A hermenêutica de Heidegger tem sido explorada por Bultmann, Ricoeur e Derrida, mas seu seguidor mais próximo é Gadamer. Gadamer também afirma que voltamos a captar o contexto em que um autor escreveu tendo em consideração a audiência pretendida e as questões a que o autor respondia. A interpretação pressupõe uma “pré-compreensão” historicamente determinada, um “horizonte”; envolve uma “fusão de horizontes”, os horizontes do passado e do presente. Não podemos ter a certeza de que a nossa interpretação é correta ou melhor do que interpretações anteriores. A nossa interpretação, e o nosso veredicto sobre interpretações anteriores, está sujeita a revisão futura. Ao interpretar um texto do passado, investigamos nossa pré-compreensão tanto quanto o texto em si.

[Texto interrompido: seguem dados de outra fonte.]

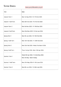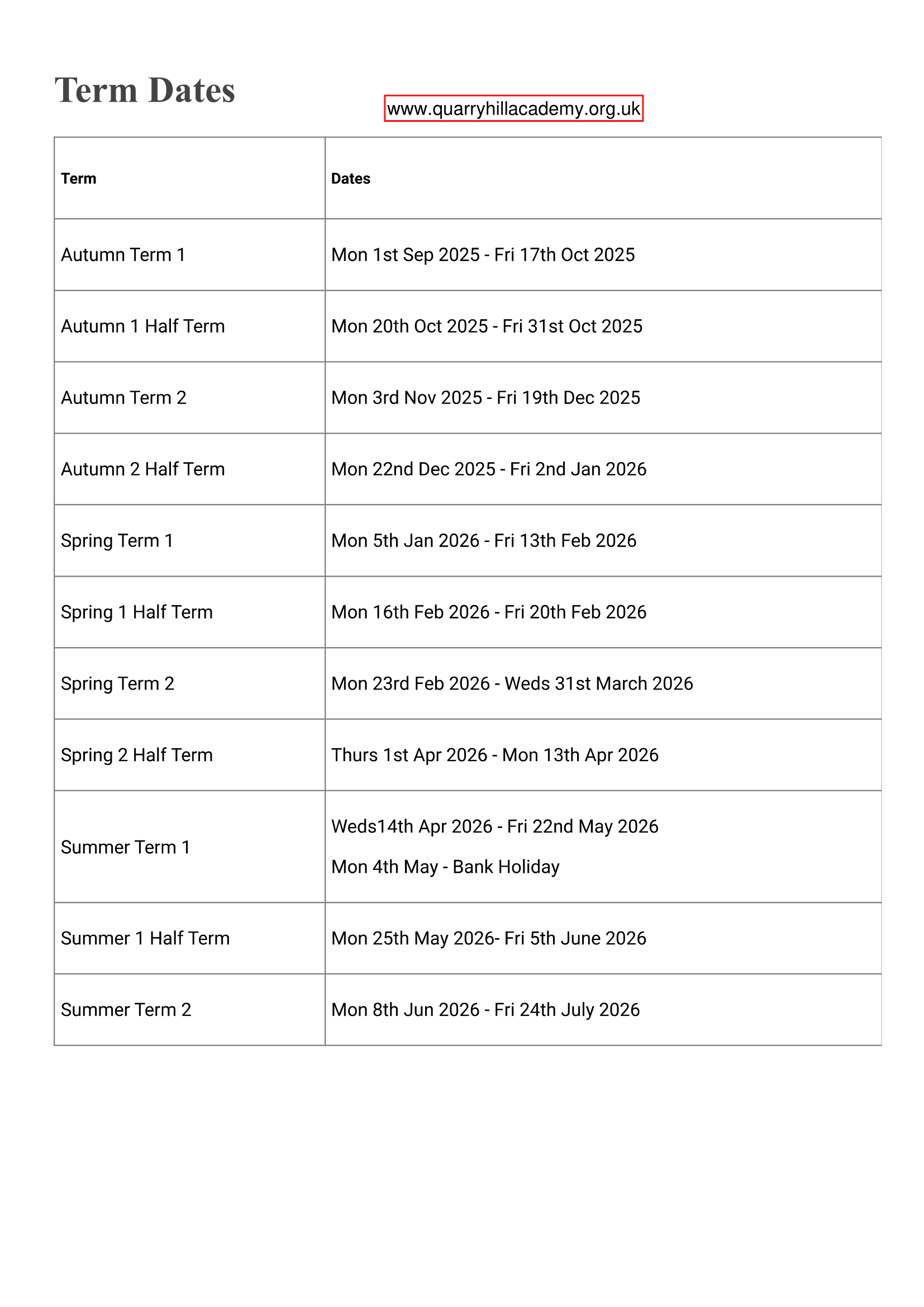 Quarry Hill Academy – Term Dates 25-26 pdf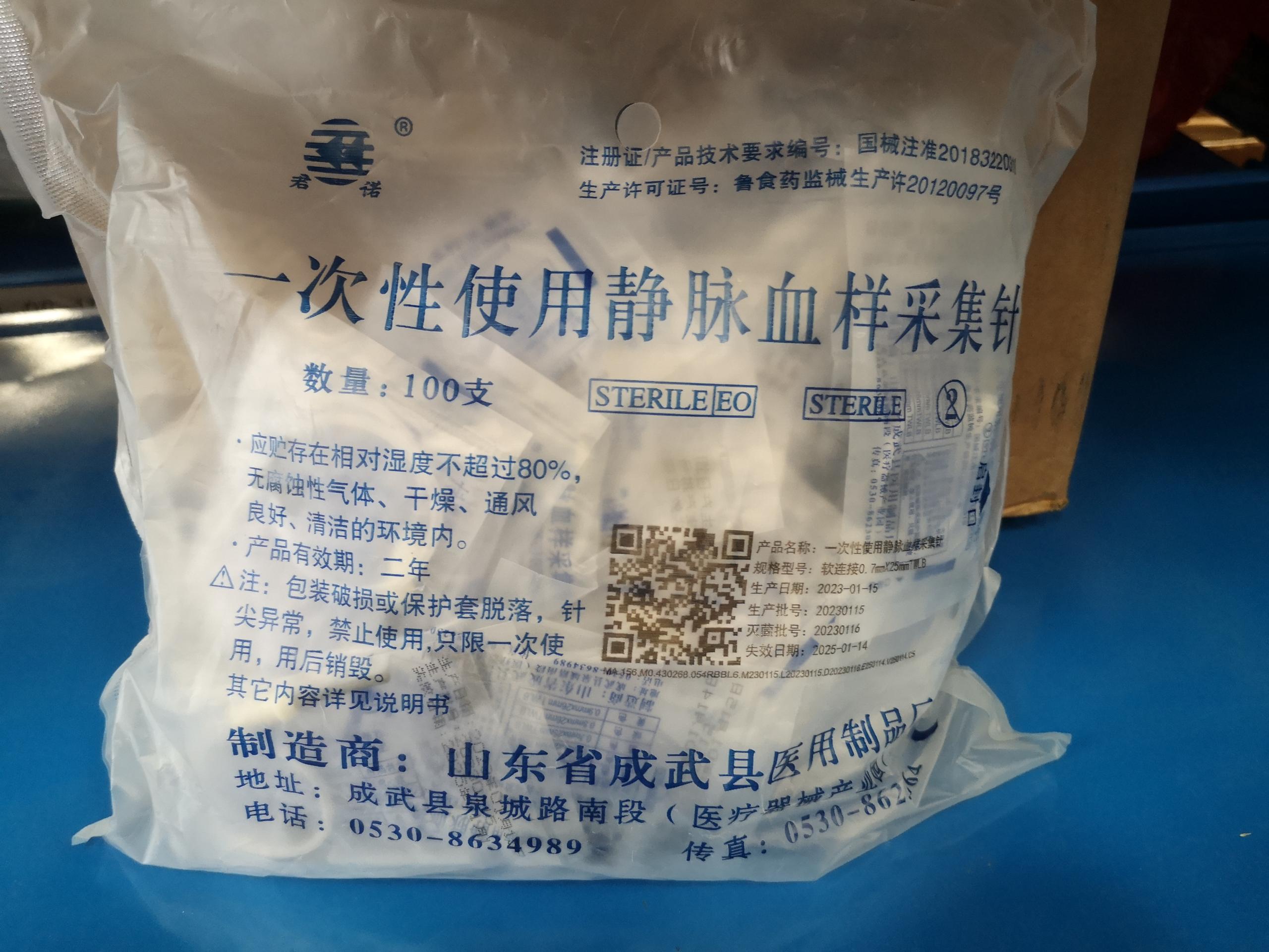 山东成武 成武 一次性使用静脉采血针100*1(14袋)商品编号:19160001002
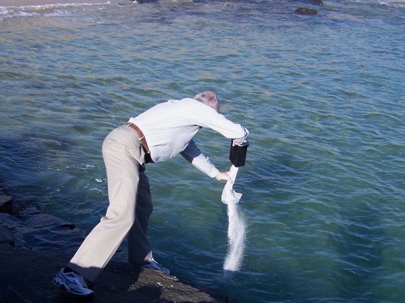 … Stuart took this photograph of me scattering Bobby’s ashes in the sea off Spiky Beach.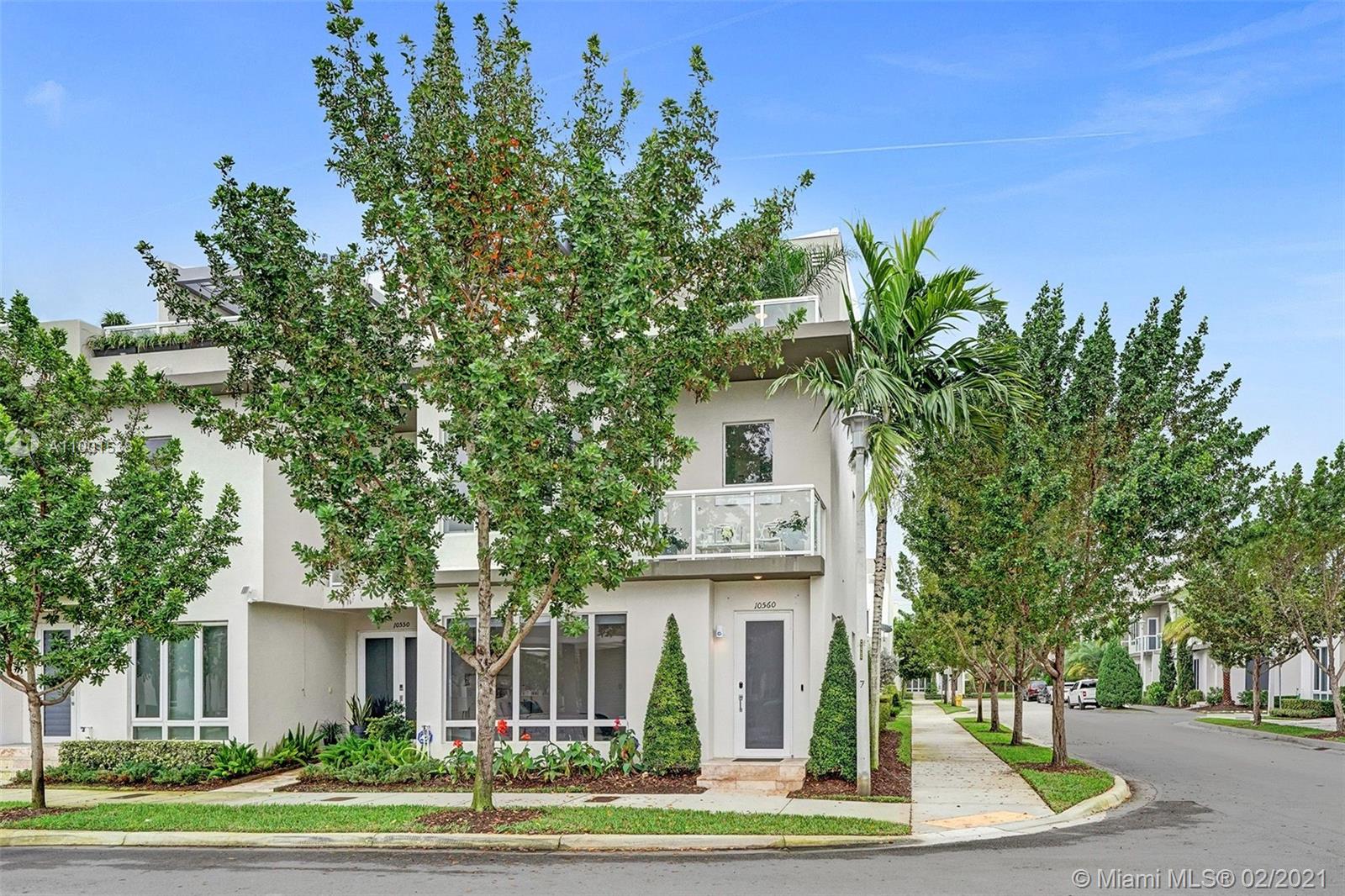 Luxuriously modern 3 story corner townhome w/ 4 bedrooms & 3.5 baths in main building + NEXTGEN unit w/ private suite, kitchenette, bath, laundry & A/C. Open design w/ impact windows/doors. Porcelain & laminate flooring. SS banister. European-style kitchen w/ quartz top, ss built-in oven & microwave, wine cooler, new Samsung dishwasher, frosted glass cabinetry/pantry & Sweep Vac. 4 terraces + private balcony off master. Ground floor bedroom. Container Store closets. Skyview Terrace w/ Summer Kitchen- SS BBQ grill, range, refrigerator, & granite countertop. Separate rooftop terrace w/ jacuzzi. Landmark at Doral is a Resort style community w/ a top-of-the-line fitness center, pool, tennis courts, playground, open air amphitheater & more. Close to Downtown Doral, City Place, & expressways.

Com Gadamer e outros, a hermenêutica retornou às suas raízes antigas e medievais. Não mais perguntamos por aquilo que um autor queria dizer com um texto, mas o que o texto nos quer dizer a nós, ou para nós. A justificação medieval disso é o fato de que Deus, o autor último do texto, pode inscrevê-lo em qualquer sentido que escolher, seja alegórico ou anacrônico. Os modernos justificam isso através do apelo à não existência, indeterminação, inacessibilidade ou irrelevância das intenções do autor, ou do apelo aos pressupostos historicamente variáveis da interpretação. O alargamento de Dilthey da hermenêutica às vivências e eventos históricos dá suporte a essa tendência. O “significado” da Revolução Francesa não pode ser o que seu(s) autor(es) quis(eram) dizer com ela, ou ainda o que significou para a audiência que lhe era contemporânea. É o que ela “quer dizer” para as audiências posteriores e sucessivas, ou mesmo o que fazem dela por seus próprios planos e decisões. Poucos argumentam, entretanto, que a interpretação de um texto está inteiramente relacionada com o capricho do intérprete. Isso subverteria a comunicabilidade do ceticismo dos hermeneutas ao permitir que os oponentes interpretem a sua expressão da maneira como bem quiserem.